Null hypothesis (H0): Participation in a creative writing course does not result in increased scores of a creativity assessment.
Alternative hypothesis (H1): Participation in a creative writing course results in increased scores of a creativity assessment.
Comparison of means
There was a significant difference between the means for creativity pre-test scores (M=40.15, t(39) = 2.671, p<.05) and creativity post-test scores (M= 43.35, t(39) = 2.671, p<.05, 2-tailed) (Table 2 and 3). This implies that scores of a creativity assessment were significantly higher after participating in a creativity writing course. As such, the alternate hypothesis is accepted: Participation in a creative writing course results in increased scores of a creativity assessment. Part B. Independent t-test The mean creativity scores for the pre-test and post-test groups was 41.75, and a standard deviation for the same data is 9.062 (Table 4). The bar graphs (Figure 3) display the mean creativity scores for post-test to be higher than for pre-test scores. H0: Participation in a creative writing course does not result in increased scores of a creativity assessment. H1: Participation in a creative writing course results in increased scores of a creativity assessment. Comparison of means The t-statistic from Table 6 is used to interpret whether the variances in the pre-test and post-test creativity scores are significantly different, t(78) = -1.595, p>.05. Since the independent t-test is greater than .05, the variances can be assumed to be equal. The independent t-test is non-significant (p = .115 for 2-tailed test) since this is greater than .05 and the null hypothesis is promote. Therefore, participation in a creative writing course does not result in increased scores of a creativity assessment.
Comparison of designs
From the within subjects design, there was a significant difference between the pre-test and post-test creativity scores. As such, the within subjects design accepted the alternate hypothesis that participation in a creative writing course results in increased scores of a creativity assessment. On the other hand, the between subjects design portrayed that the difference between the pre-test and post-test scores was non-significant. In other words, the null hypothesis that participation in a creative writing course does not result in increased scores of a creativity assessment was promoted. The two tests therefore resulted into different findings.

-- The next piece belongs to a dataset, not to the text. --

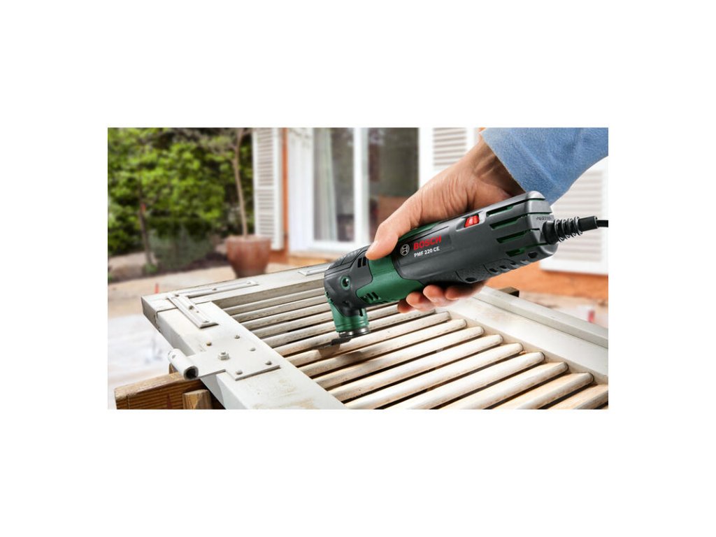 Multifunkčné náradie PMF 220 CE Set; Univerzálne riešenie pre mnoho rôznych druhov svojpomocných prác.; Výkonný 220 W motor s elektronickou predvoľbou otáčok.; Magnetický systém Bosch MagnetHold podporuje výmenu príslušenstva.; Rozsiahle príslušenstvo Starlock pre rôzne aplikácie.; Hĺbkový doraz na presné segmentové pílenie.; Reže, píly, brúsi, oškrabáva, frézuje, rašpľuje a leští rôzne druhy materiálov.; BIM segmentový pílový list Wood and Metall, 85 mm, ACZ 85 EB (2.609.256.943); Brúsna doska v tvare delta 93 mm, AVZ 93 G (2.609.256.956); Súprava brúsnych listov v tvare delta (2.609.256.A54); Odsávanie prachu (2.609.256.D57); HCS flexibilná škrabka, 52 x 45 mm, ATZ 52 SFC (2.609.256.955); Multifunkčný nôž HCS, 24 × 11 mm, ASZ 32 SC (2.609.256.D22); HCS pílový list na rezy so zanorením, na drevo, 32 x 40 mm, AIZ 32 EPC (2.609.256.947); Segmentový pílový list s karbidovými zrnami HM-RIFF, 85 mm, ACZ 85 RT3 (2609 256 952); Kľúč na skrutky s vnútorným šesťhranom; 4-stupňový hĺbkový doraz pre segmentové pílové kotúče (2.609.256.C61); Kufor

For the within-subjects design, the mean for pre-test scores was expected to be roughly equal to the mean for post-test scores since the subjects of the study were from the same population (Goodwin, 2009) but this was not the case. It is therefore a surprise that the null hypothesis was not accepted yet it should have been true for two samples of data obtained from the same population. In the between subjects design, it was expected that there would be a difference between the means for the two groups since the two samples were merged and the assumption was that the samples came form the same population (Goodwin, 2009). It was therefore expected that the null hypothesis would be accepted.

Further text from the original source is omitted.